Last week, another Fare-commissioned report prepared by the Centre for Alcohol Policy Research at La Trobe University, Australia, described how alcohol companies had worked to undermine the draft action plan, in the two year period since the WHO’s Executive Board first recommended accelerated action” against alcohol harm.   

Unhealthy environments

Aside from the focus on alcohol, a number of member states and NGOs made calls for countries to step up action on “unhealthy environments” that are the norm in many polluted, traffic clogged cities, as well as “commercial” risk factors, like the proliferation of junk food and tobacco promotion, which together contribute to unhealthy lifestyles and the development of NCDs. 

Such risks are highlighted in a draft WHO Road Map (2023-2030) for implementing a Global Action Plan for Prevention and Control of Noncommunicable diseases, under consideration by the EB. 

A new WHO “implementation framework” for improving the health and well-being of 1 billion people by 2030 also targets a wide range of risks and prevention opportunities – from promoting clean and active transport to healthier and more sustainable food systems – which in turn can blunt rising antimicrobial resistance (AMR) as well as food safety risks associated with the emergence of new pathogens and pandemics. 

Slovenia’s Kerstin Petrič

Slovenia’s Kerstin Petrič lamented the lack of member state investment in primary NCD prevention, addressing key risk factors. 

“More cost-effective measures such as rising taxes, bans on advertising and limiting access to for example tobacco, alcohol, transfats and sugar are difficult to adopt due to aggressive lobbying of industry and despite the bulk of evidence that these measures work, particularly in the most vulnerable population,” Petrič noted.

“This is the case in my country, and I believe in many other countries. Many lives could be saved if there would not be constant wavering in our member states between business opportunities and health,” she added, appealing to the WHO to “provide appropriate recommendations, including economic calculations, to generate support for public measures in political discussions”. 

Latin American countries, many of which have made substantial progress in addressing junk food consumption that is fueling NCDs including diabetes and cardiovascular disease.

Argentina told board members about its “healthy environments programme” that included  establishing smoke-free workplaces, and raising awareness of the dangers of alcohol, safe water and the importance of healthy eating and physical activity. 

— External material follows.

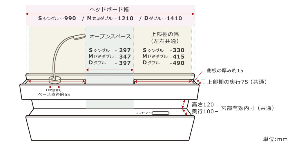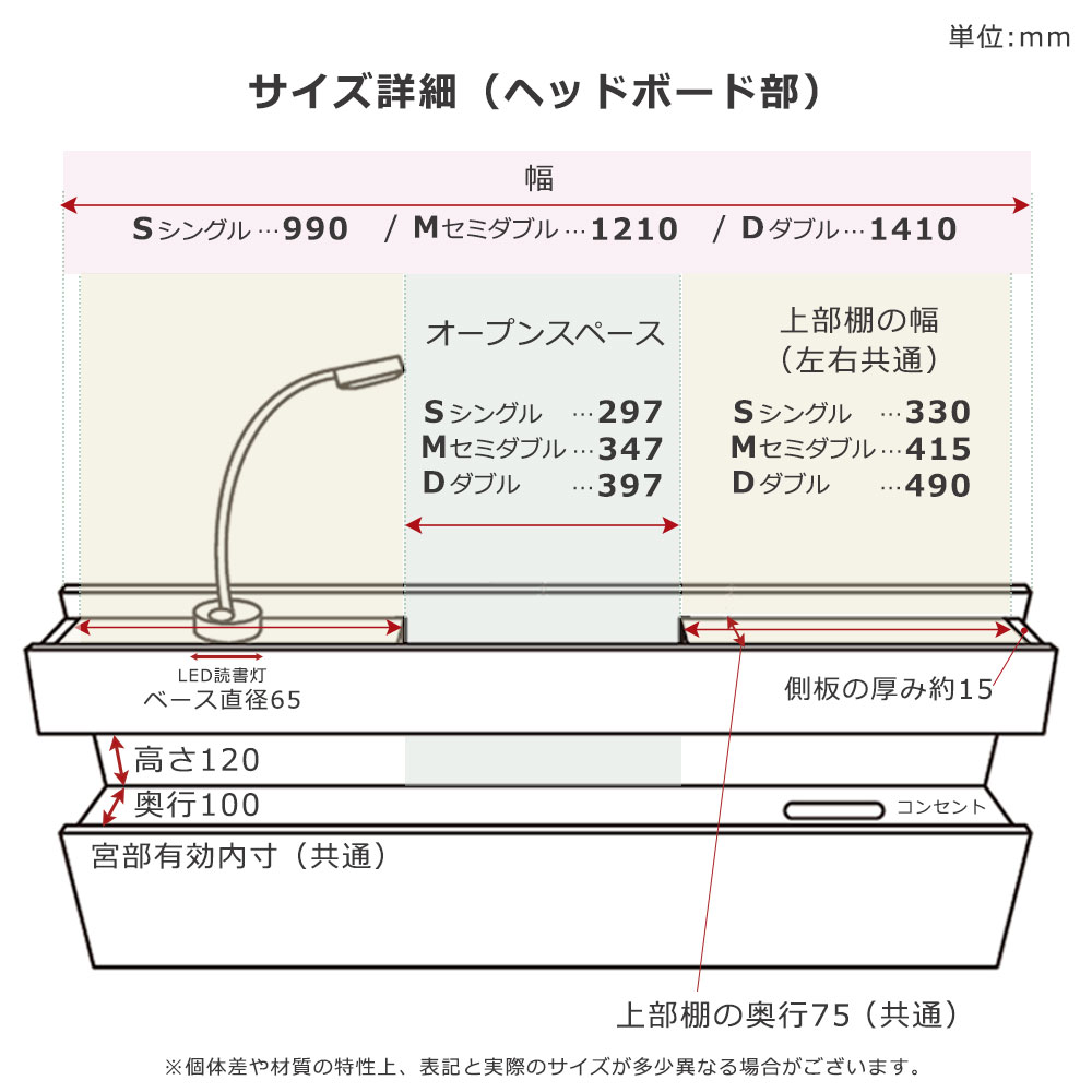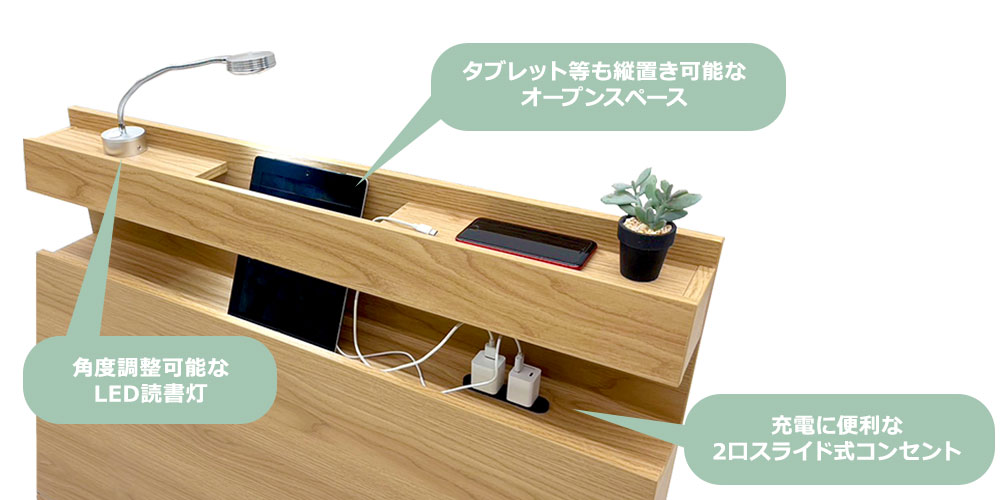 タブレットや雑誌等も縦置き可能なオープンスペースがあり、使い勝手の良いヘッドボードです。角度調整可能なLED読書灯、充電にも便利な2口コンセント付きです。
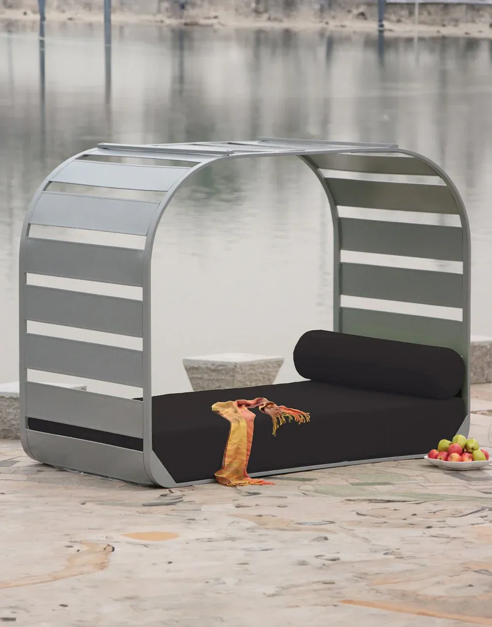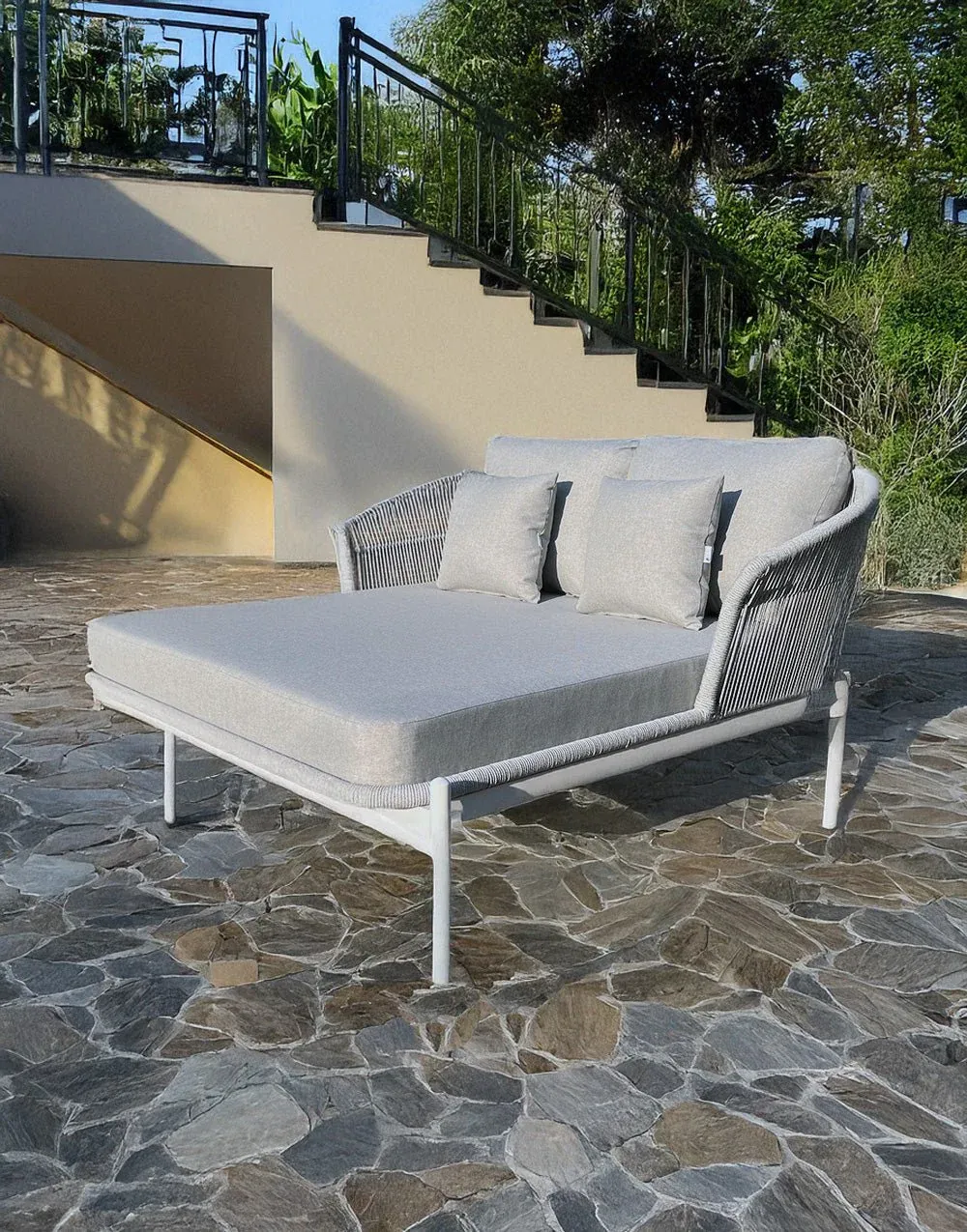 Tumbona de exterior fabricada en aluminio con cojines en poliéster de color negro.

Argentina has implemented front-of-package labelling on ultra-processed food that contain excessive sugars and saturated fats. 

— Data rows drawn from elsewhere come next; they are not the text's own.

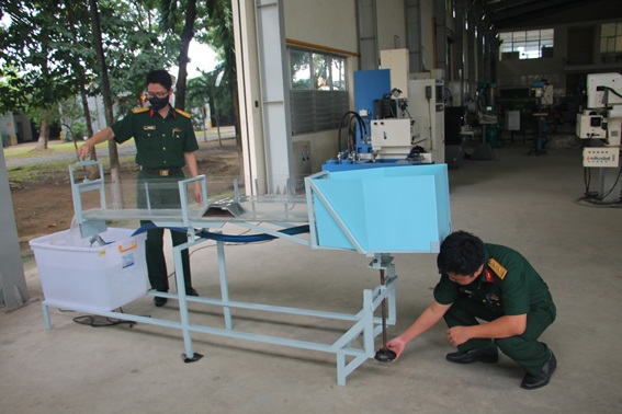 - Đề tài cấp cơ sở “Nghiên cứu, thiết kế, chế tạo đồ gá khoan phân độ tự động” do Thiếu tá, ThS Lê Thanh Quan chủ nhiệm đề tài. Đề tài đã thực hiện đầy đủ các nội dung so với yêu cầu nhiệm vụ được giao, sản phẩm có chất lượng, ý nghĩa thực tiễn và có giá trị khoa học trong nghiên cứu, thiết kế, chế tạo các thiết bị phụ trợ đi kèm bổ sung để khai thác, sử dụng hiệu quả các máy móc trang bị thiết bị phục vụ giảng dạy và thực hành các môn KTCS tại Nhà trường, tuy nhiên còn nhiều lỗi chính tả và cần bổ sung sơ đồ điện động lực, thông số kỹ thuật. Sơ đồ nên được gắn lên thiết bị phục vụ công tác vận hành, sửa chữa. Hội động đánh giá đạt mức Khá.
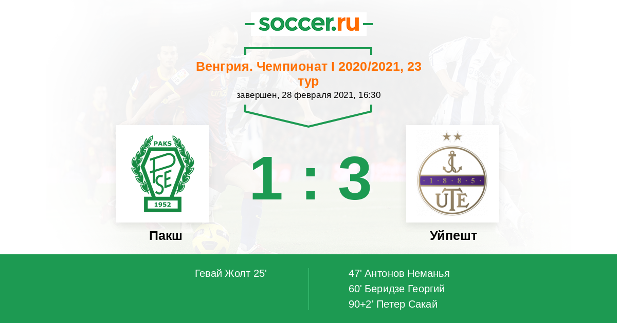 90+2' (1:3) Петер Сакай (55)
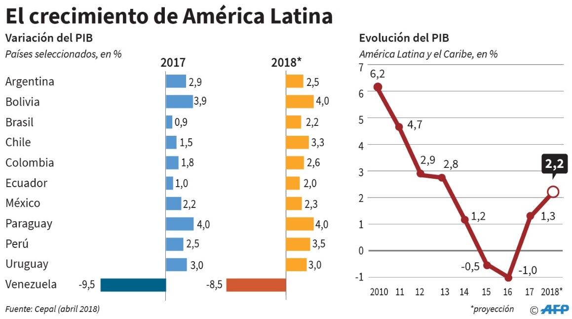 Los países latinoamericanos registrarán una expansión del 2,2% este año, de acuerdo a la Comisión Económica para América Latina y el Caribe (Cepal), que mantuvo su pronóstico de "moderada recuperación" para 2018 aunque empeoró su estimación de caída para Venezuela.
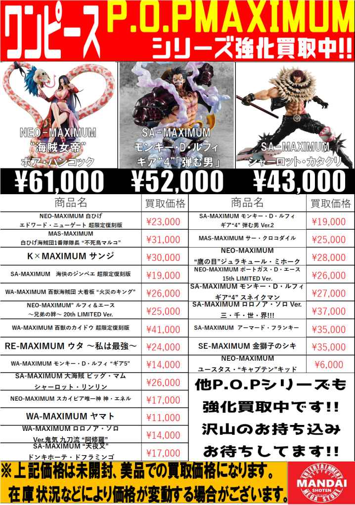 フィギュア買取告知更新しました‼️ ワンピースP.O.Pmaximum シリーズ告知とチェンソーマンスケールフィギュア告知を新たに追加しました! この機会に是非お持ち込みくださいᾑ…
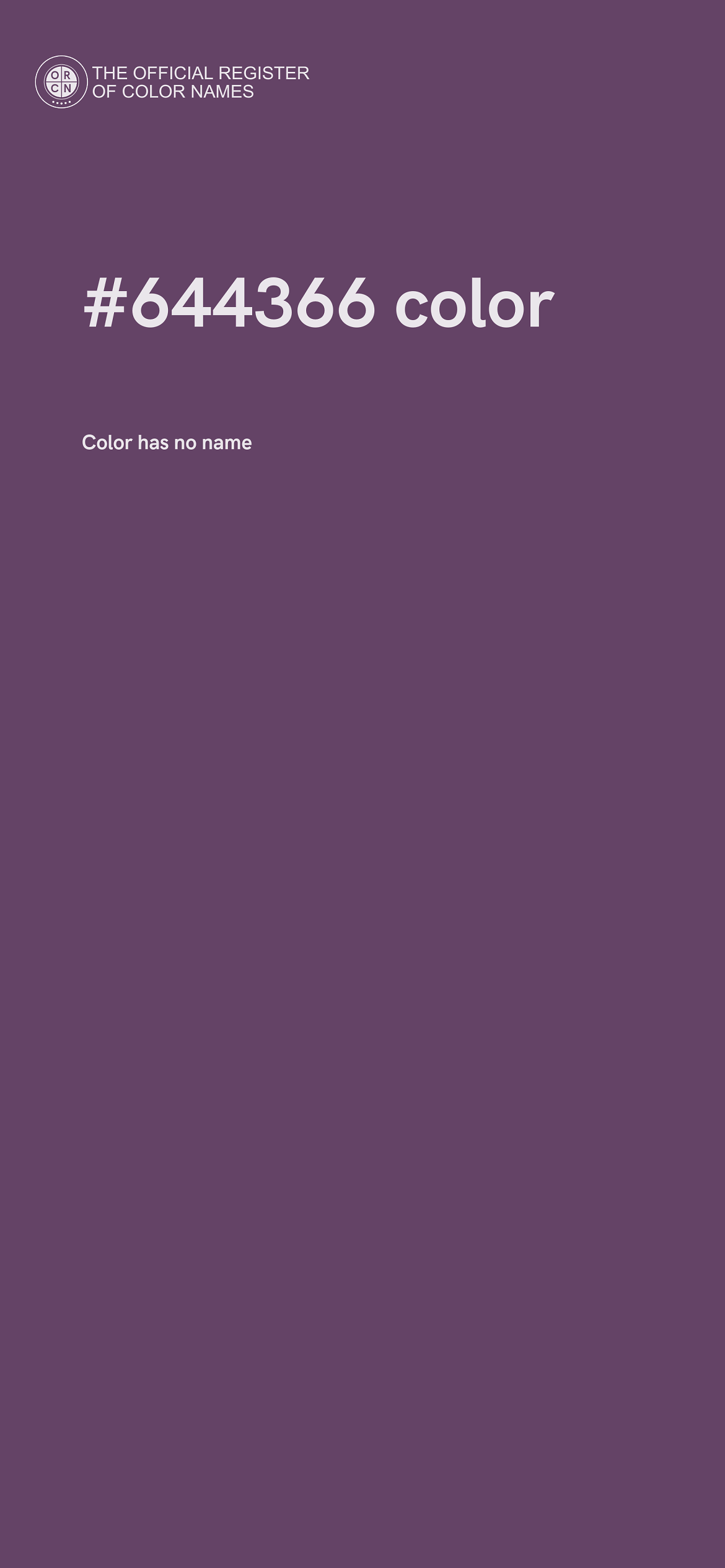 The digital color HEX #644366 belongs to the Magenta Color Family featuring Low Saturation (Saturation Family) and Neutral (Brightness Family).
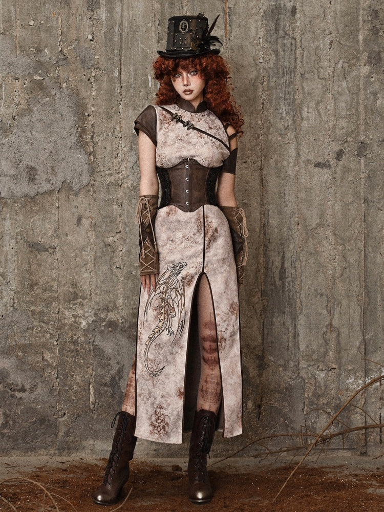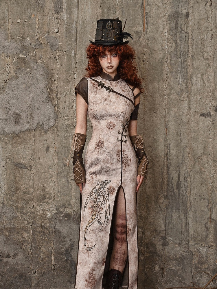 スチームパンクなアシンメトリースリーブのドラゴン刺繍ドレス

Conflict-of-interest guidelines

Colombia also stressed health promotion strategies, including collaboration with civil society and academics, as “a vital aspect of prevention of NCDs”,  which should also include addressing  unhealthy environments that in turn create obstacles to healthy lifestyles. 

Meanwhile, Uruguay welcomed the proposed specific targets to respond to diabetes in the prevention and treatment of obesity. 

“We would once again ask the secretariat to give member state clear guidelines on the prevention of conflict of interest in the development of public policies and carry out all necessary efforts to support countries, particularly low and middle-income countries to get the necessary resources for NCD control and monitoring systems,” said Uruguay.

Meanwhile, the US appealed for stronger clauses to address air pollution.

“We would like to see the roadmap provide a more robust response related to air pollution,” said US delegate Loyce Pace. She added that mental health should also receive greater focus: 

“As other delegates have said, the COVID-19 pandemic continues to have a profound effect on availability of mental health services, including for pregnant women, children and adolescents. Greater focus is needed in expanding coverage of mental health and substance use disorders, services delivered via telehealth and similar mechanisms to help mitigate the impacts of COVID-19.” said Pace.

The Executive Board will continue to discuss NCDs on Thursday, as it struggles to catch up with its backlogged agenda.